• [Data to examine]:

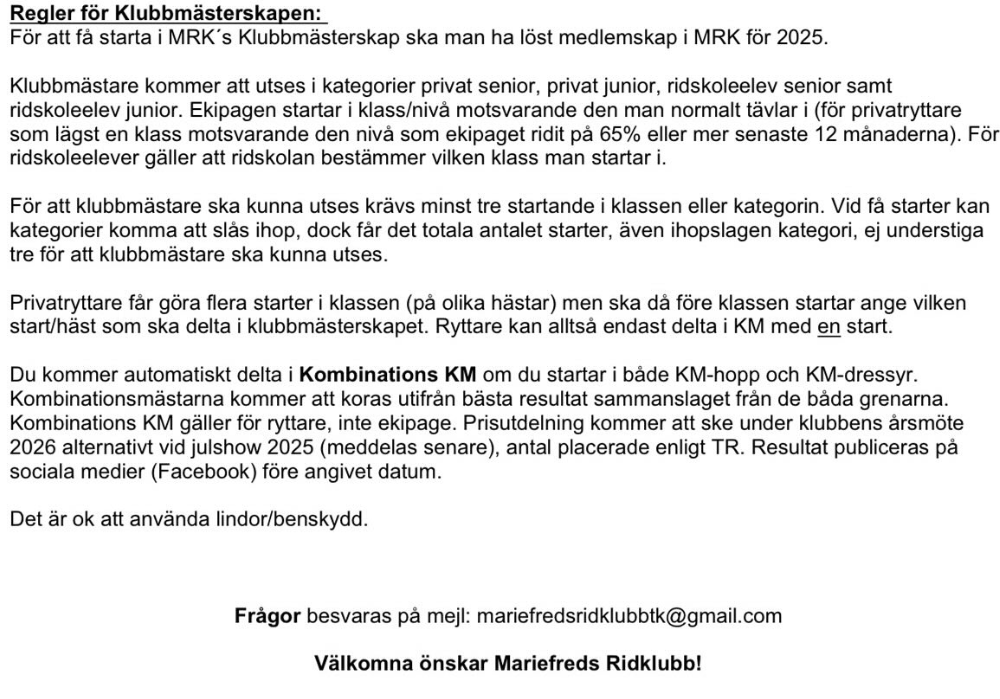 Du prenumererar nu på nyheter från Mariefreds Ridklubb.
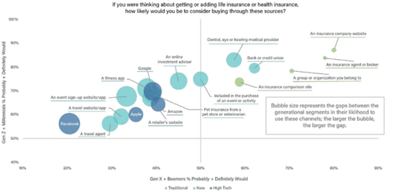 The top 3 traditional channels with the smallest bubbles (insurance website, agents/brokers, affinity groups) are in the upper right-hand corner indicating the same preference level for both generational segments. Moving left, Gen X and Boomer ratings rapidly decline while Gen Z and Millennial ratings remain in a tighter range. At the same time, the gaps between the generations grow larger indicated by the increasing bubble sizes.
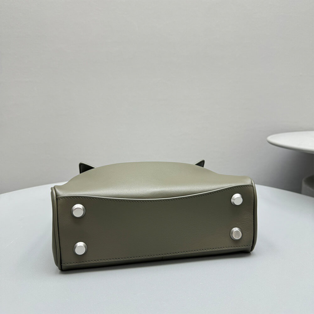 Rodeo Handbag Mini in khaki smooth calfskin, aged-silver hardware
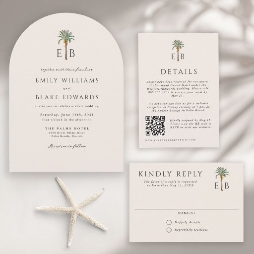 This simple and elegant tropical wedding save the date invitation embodies refined Palm Beach style with a modern, minimalist sensibility. A custom royal palm tree monogram anchors the design, featuring the bride and groom’s initials gracefully placed on either side of the palm for a look that feels both personal and polished. Clean typography and airy spacing with an ivory beige background, the color of a sugar sand beach, creates an upscale aesthetic that blends tropical warmth with contemporary sophistication. Perfect for a coastal or destination celebration, this Save the Date card has a photo template on the back for including an engagement photo or other selected photo of the future bride and groom.
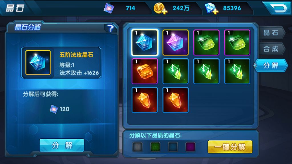 在玩家拥有多个晶石时,可以将无用的晶石进行分解,来获得为晶石升级的晶石能量,越高等级的晶石分解后获得的能量也就越多
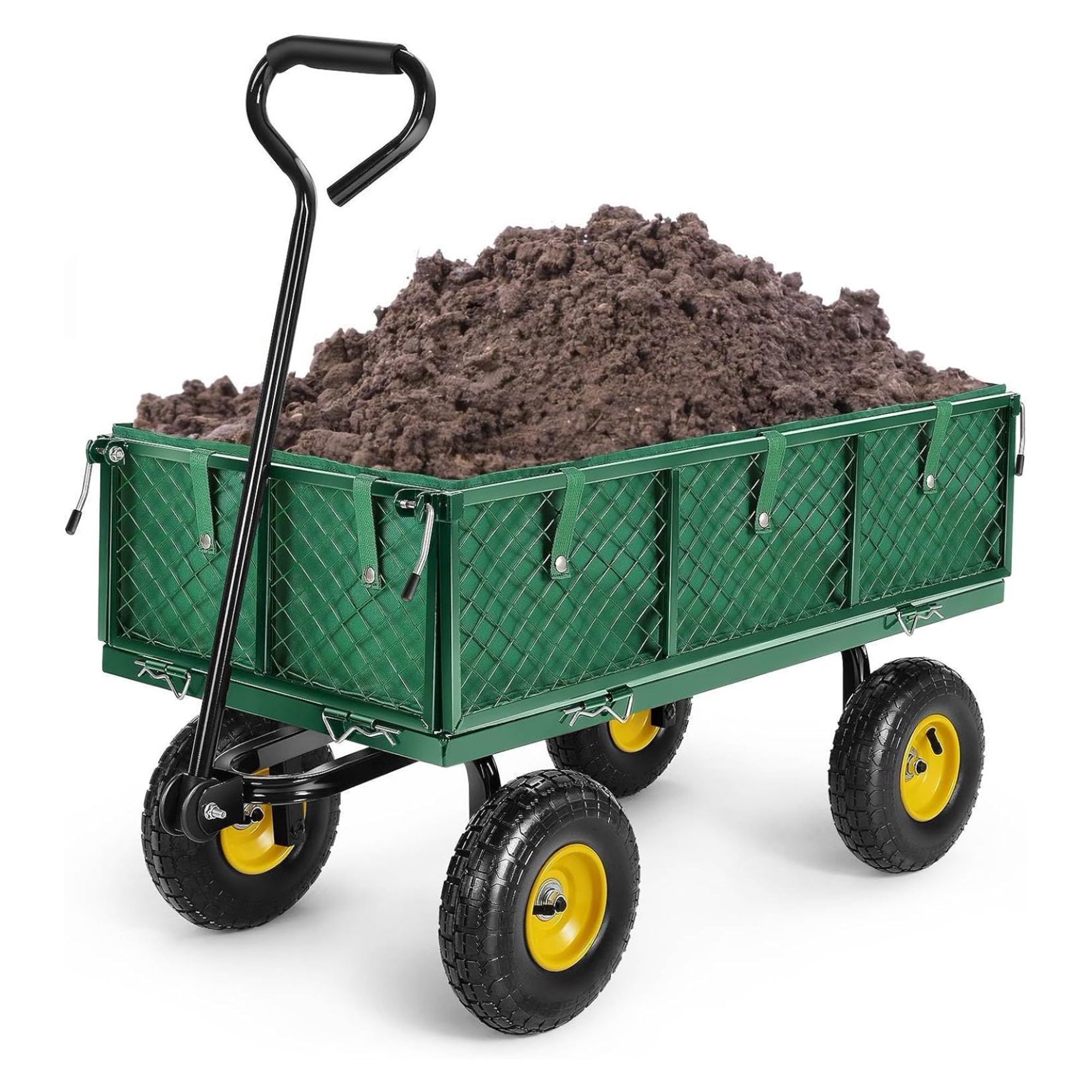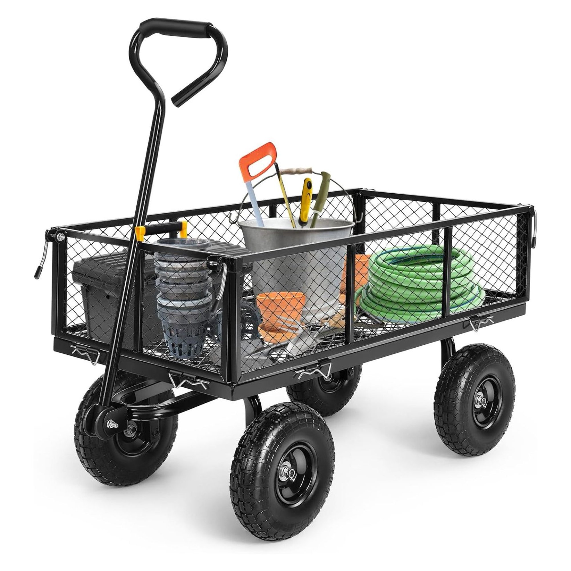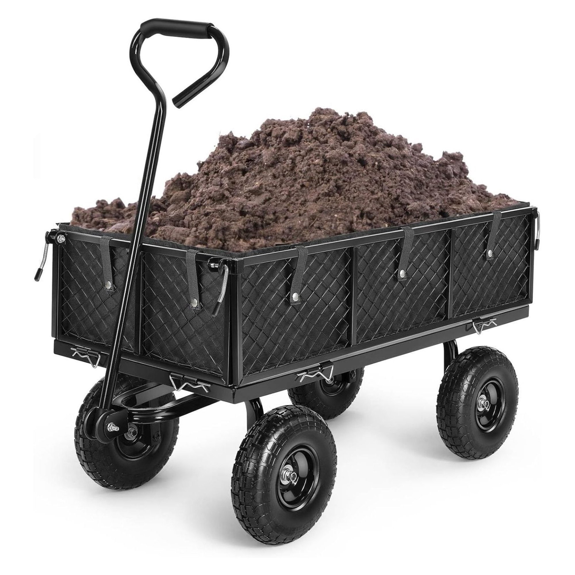 ZanQee Garden Cart, 660Lb Heavy Duty Garden Wagon, Mesh Foldable Garden Cart with 180° Rotating Handle, Pullable Garden Wagon, Detachable Garden Cart for Yard Garden Beach Farm, Black
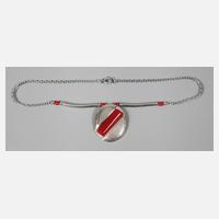 um 1930, Metall vernickelt, Mittelteil besetzt mit bordeauxroten Galalithelementen, an Zierkette, Tragespuren, L ca. 52 cm.
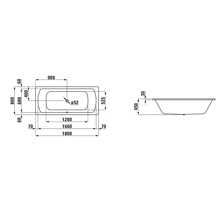 Laufen Pro Ванна стальная 180х80 см, выпуск по центру, цвет: белый 2.2795.0.000.040.1
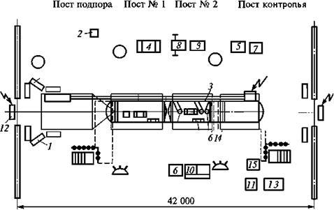 Окончательно площадь зон ТО и ТР ипостов диагностики обычно вынужденно корректируется и устанавливается с учетом того, что при строительстве широко используются унифицированные типовые секции и пролеты, а также типовые конструкции и детали, изготовленные серийно заводами стройматериалов
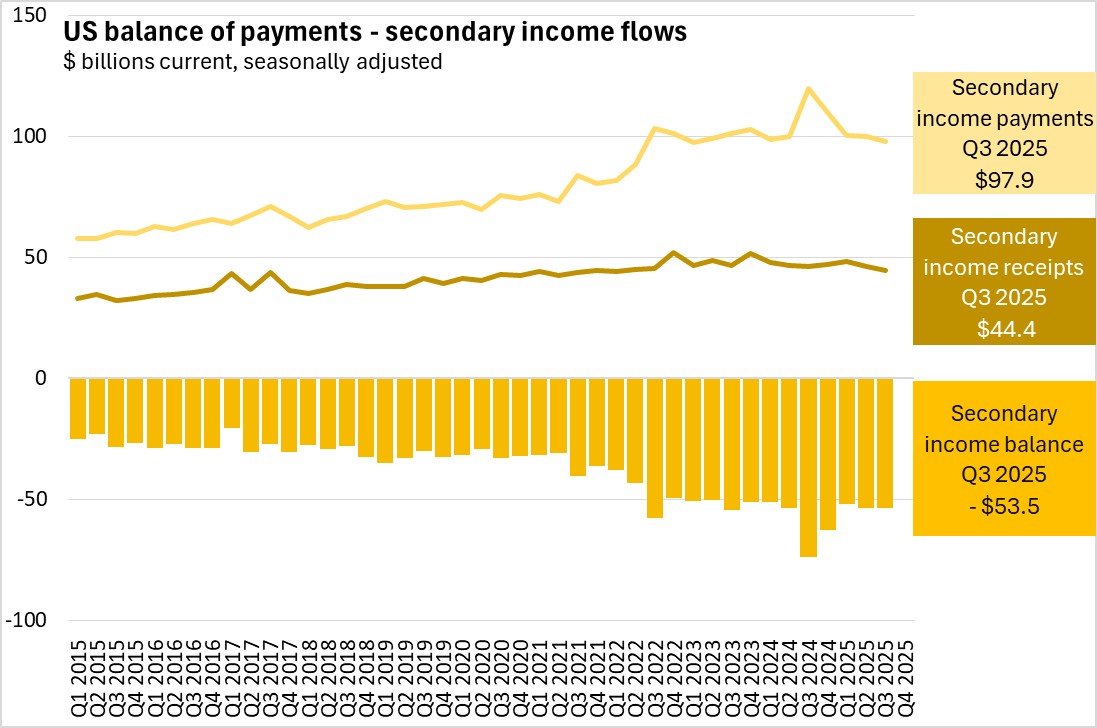 In Q3 2025, US secondary income receipts decreased $2.0 billion to $44.4 billion while US secondary income payments decreased $2.1 billion to $97.9 billion.
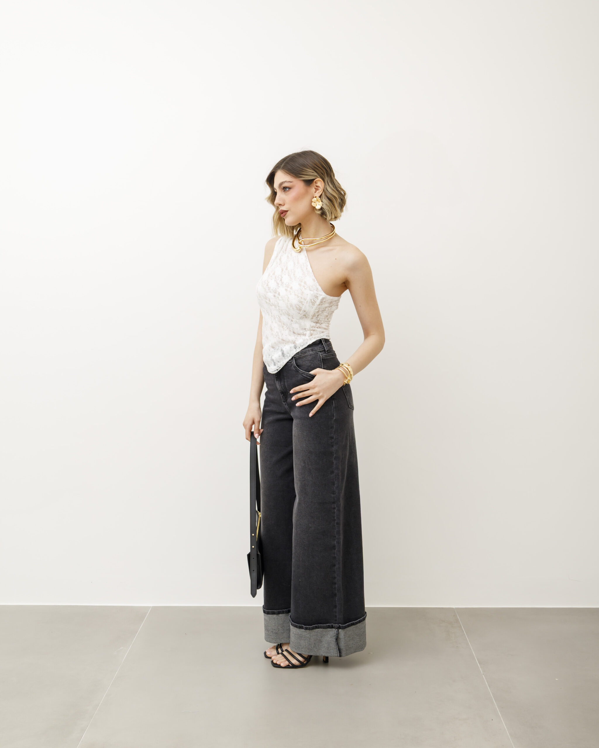 Satin Tie-Front Bell Sleeve Crop Top – Sky Blue
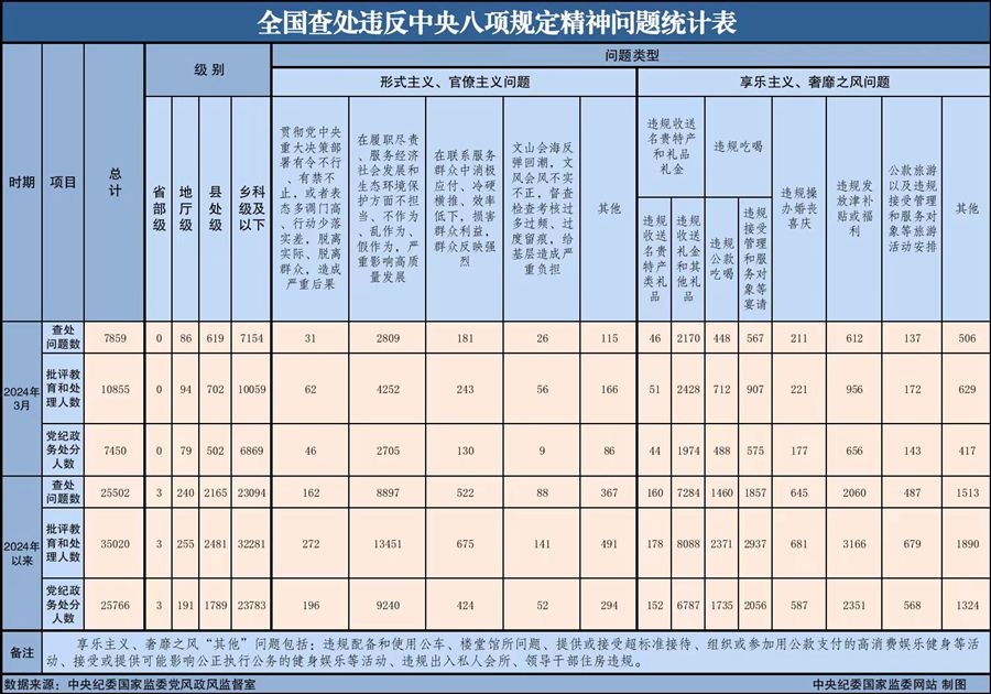 2024年3月全国查处违反中央八项规定精神问题7859起
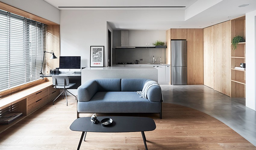 透过空间比例和材料出发,以适度的留白设计,搭配轻微的跳色,为屋主量身打造适合的居住空间。开放式设计,缓解了空间紧凑感,看似通透的格局,又有着明确的分界。
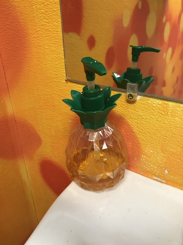 At one point, I visited the bathroom. Zowie! The paint job in there turned the place into a virtual tropical poo-adise. The pineapple-shaped soap dispenser was a nice touch, I think.
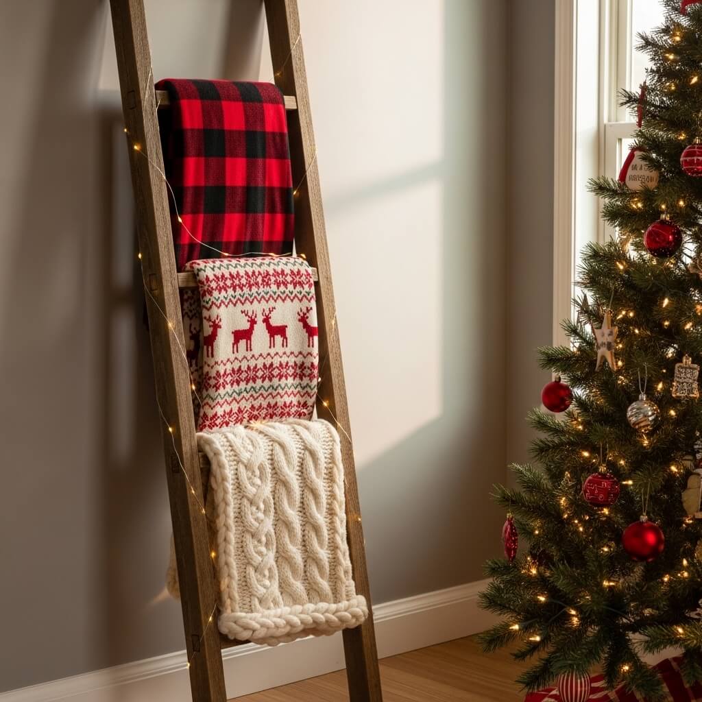 Practicality meets style with this one. Lean a simple wooden blanket ladder in your living room corner and drape it with your coziest Christmas-themed throws.
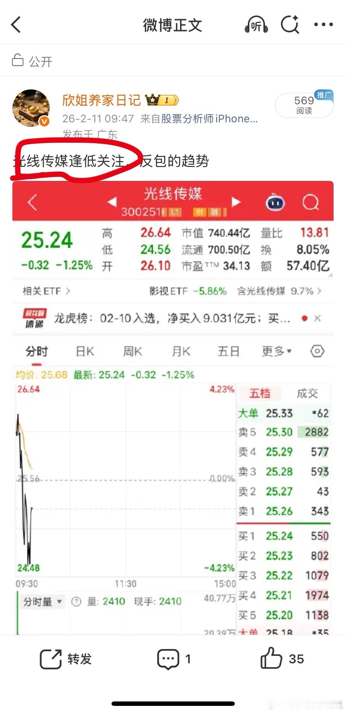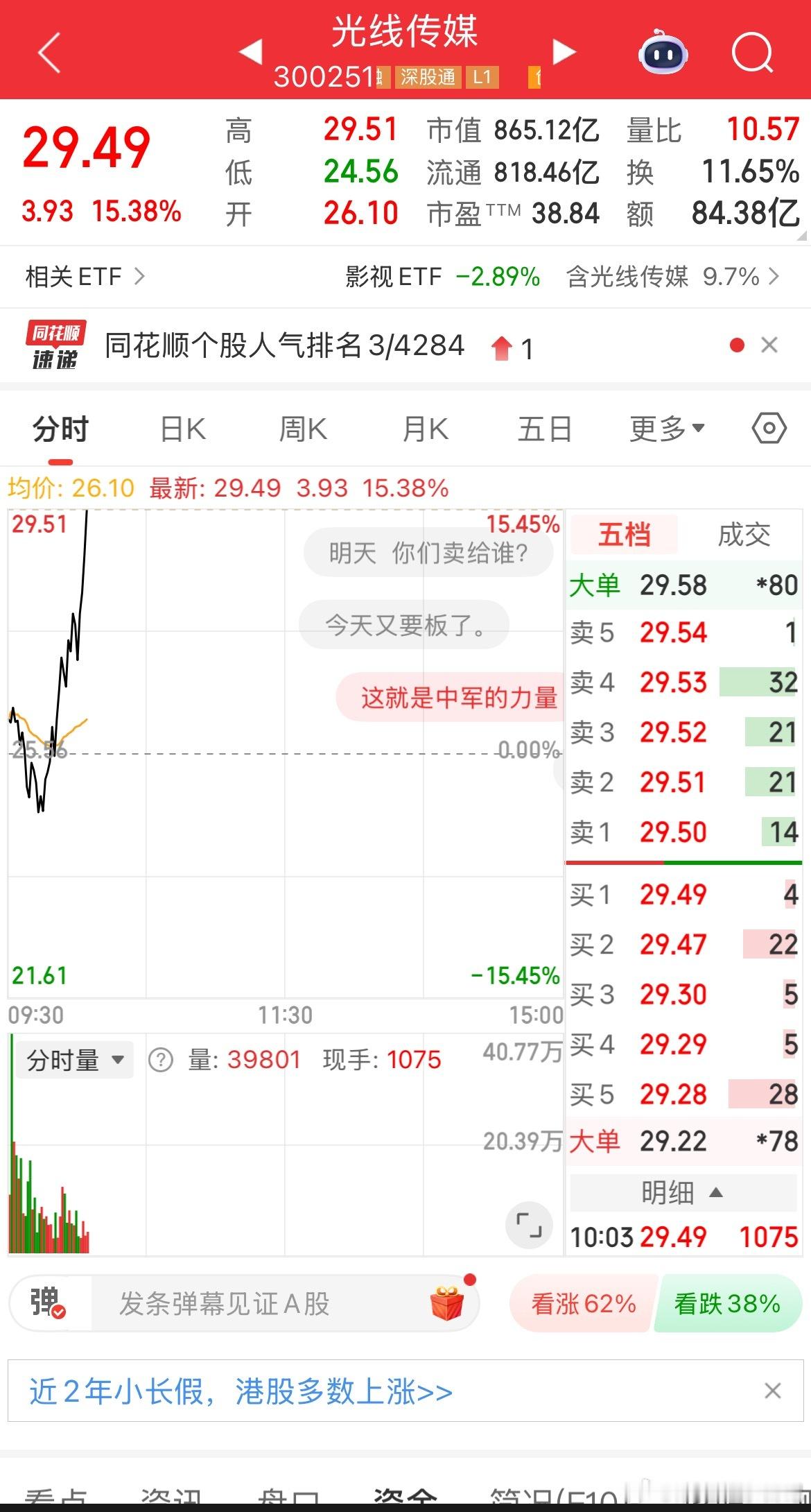 光线传媒这是冲涨停的趋势!牛逼

• [Your assignment]:
Produce a verbatim copy of every entry, excluding pictures.

• [Answer space]:
 Du prenumererar nu på nyheter från Mariefreds Ridklubb.
 The top 3 traditional channels with the smallest bubbles (insurance website, agents/brokers, affinity groups) are in the upper right-hand corner indicating the same preference level for both generational segments. Moving left, Gen X and Boomer ratings rapidly decline while Gen Z and Millennial ratings remain in a tighter range. At the same time, the gaps between the generations grow larger indicated by the increasing bubble sizes.
 Rodeo Handbag Mini in khaki smooth calfskin, aged-silver hardware
 This simple and elegant tropical wedding save the date invitation embodies refined Palm Beach style with a modern, minimalist sensibility. A custom royal palm tree monogram anchors the design, featuring the bride and groom’s initials gracefully placed on either side of the palm for a look that feels both personal and polished. Clean typography and airy spacing with an ivory beige background, the color of a sugar sand beach, creates an upscale aesthetic that blends tropical warmth with contemporary sophistication. Perfect for a coastal or destination celebration, this Save the Date card has a photo template on the back for including an engagement photo or other selected photo of the future bride and groom.
 在玩家拥有多个晶石时,可以将无用的晶石进行分解,来获得为晶石升级的晶石能量,越高等级的晶石分解后获得的能量也就越多
 ZanQee Garden Cart, 660Lb Heavy Duty Garden Wagon, Mesh Foldable Garden Cart with 180° Rotating Handle, Pullable Garden Wagon, Detachable Garden Cart for Yard Garden Beach Farm, Black
 um 1930, Metall vernickelt, Mittelteil besetzt mit bordeauxroten Galalithelementen, an Zierkette, Tragespuren, L ca. 52 cm.
 Laufen Pro Ванна стальная 180х80 см, выпуск по центру, цвет: белый 2.2795.0.000.040.1
 Окончательно площадь зон ТО и ТР ипостов диагностики обычно вынужденно корректируется и устанавливается с учетом того, что при строительстве широко используются унифицированные типовые секции и пролеты, а также типовые конструкции и детали, изготовленные серийно заводами стройматериалов
 In Q3 2025, US secondary income receipts decreased $2.0 billion to $44.4 billion while US secondary income payments decreased $2.1 billion to $97.9 billion.
 Satin Tie-Front Bell Sleeve Crop Top – Sky Blue
 2024年3月全国查处违反中央八项规定精神问题7859起
 透过空间比例和材料出发,以适度的留白设计,搭配轻微的跳色,为屋主量身打造适合的居住空间。开放式设计,缓解了空间紧凑感,看似通透的格局,又有着明确的分界。
 At one point, I visited the bathroom. Zowie! The paint job in there turned the place into a virtual tropical poo-adise. The pineapple-shaped soap dispenser was a nice touch, I think.
 Practicality meets style with this one. Lean a simple wooden blanket ladder in your living room corner and drape it with your coziest Christmas-themed throws.
 光线传媒这是冲涨停的趋势!牛逼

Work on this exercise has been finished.